GRACE joined a number of top faculty in the area of hematology in Whistler BC, for the 3rd Annual Summit on Hematologic Malignancies. Jennifer Brown, MD, PhD, Director of the CLL Center at the Dana-Farber Cancer Institute spoke with GRACE and provided a provoking and educational discussion on FCR vs. BR – is one better than the other?

TRANSCRIPT

FCR v BR? Is one better?

Jennifer Brown, MD, PhD, Director of the CLL Center at the Dana-Farber Cancer Institute

Now I’m going to talk about the choice in chemoimmunotherapy, FCR (fludarabine, cyclophosphamide and rituximab) vs BR. FCR has been our standard therapy for previously untreated fit patients with CLL under about the age of 70. BR (bendamustine and rituximab) is a relatively newer therapy which had been studied in a couple of phase II trials, smaller single arm trials, and looked rather promising.

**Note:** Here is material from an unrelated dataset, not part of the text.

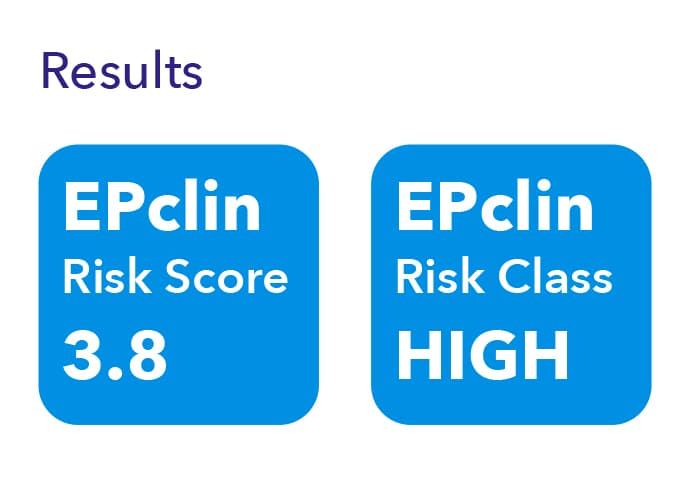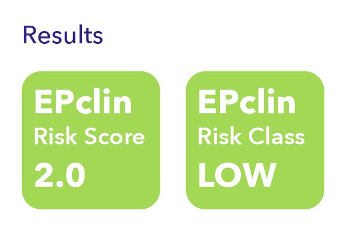 You will receive a number called the EPclin Risk Score. It combines the activity of certain genes in your tumor with clinical factors like tumor size and lymph node status. This score, shown on a scale from 1 to 6, helps estimate your individual risk of breast cancer coming back – and places you into a personal risk class.

For that reason, it was studied in a head-to-head trial against FCR in fact. This was the CLL10 study of the German CLL study group. They took fit patients of any age, as long as they had very good renal function and no major medical comorbidities, and they randomly assigned them to receive FCR vs BR. They found that FCR was better in terms of the likelihood of inducing complete remission where there is no detectable disease and the likelihood of making patients MRD negative where even with a very highly sensitive test we can’t find any disease, which is likely the first step to cure. It was better in terms of the overall likelihood of how long the disease stayed away. However; there was no difference in the overall survival. In this particular study there was a bit more toxicity with the BR, which is in part because there was no planned use of supportive care measures like growth factors and antibiotic prophylaxis which are very commonly used in these regimens and I would certainly recommend that anyone who’s getting FCR or BR  get because it reduces the toxicity significantly.

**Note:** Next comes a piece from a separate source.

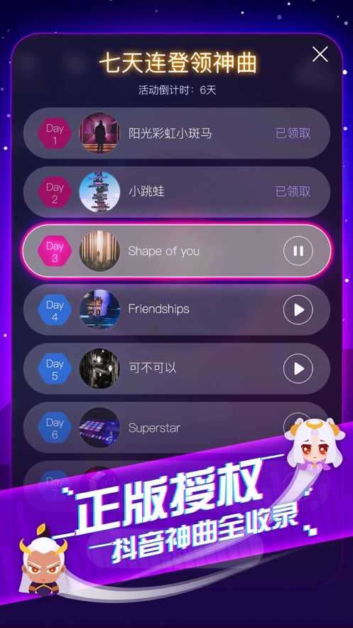1、梦幻般的游戏画面,经典的节奏音乐游戏,感受最震撼游戏体验。

In addition, we now have long-term follow-up data from three different studies showing that FCR results in possible cure in about half the patients, those who have mutated IGH without high risk cytogenetics. They have a 60% chance of long-term remission and at that time many have no detectable disease even with highly sensitive tests. There is absolutely no evidence at all that BR has any potential to result in this possible cure because after BR there’s continuous relapse.

For a person who is eligible for chemoimmunotherapy considering this treatment, FCR is preferred to BR, especially if they are under 65 and have no medical problems. In the trial that directly compared these chemo regimens head-to-head, in the patients over 65 some of the toxicity was worse in FCR compared to BR. Again, that was partly because they did not use antibody prophylaxis or growth factors, which would have helped.

With that being said, it could be reasonable to use BR, particularly in this older patient population, but it has to be recognized that you will be giving up in a potential for possible long-term cure with FCR. There is a fundamental distinction between these two chemotherapy regimens in that context. I would note, however, that over a certain age of about 70, the use of FCR can potentially be dangerous especially if the person has reduced renal function or bone marrow that has suffered prior insults. We can’t always tell that ahead of time, so for patients over 70 it’s generally not a good idea to consider FCR, unless your health is extremely good and laboratory tests indicate very good renal function. There is a small subset for whom it’s safe, who meet the criteria of entry for that randomized trial, but otherwise, unfortunately, in general that regime probably should not be used in older patients and other options like BR or ibrutinib can potentially be considered.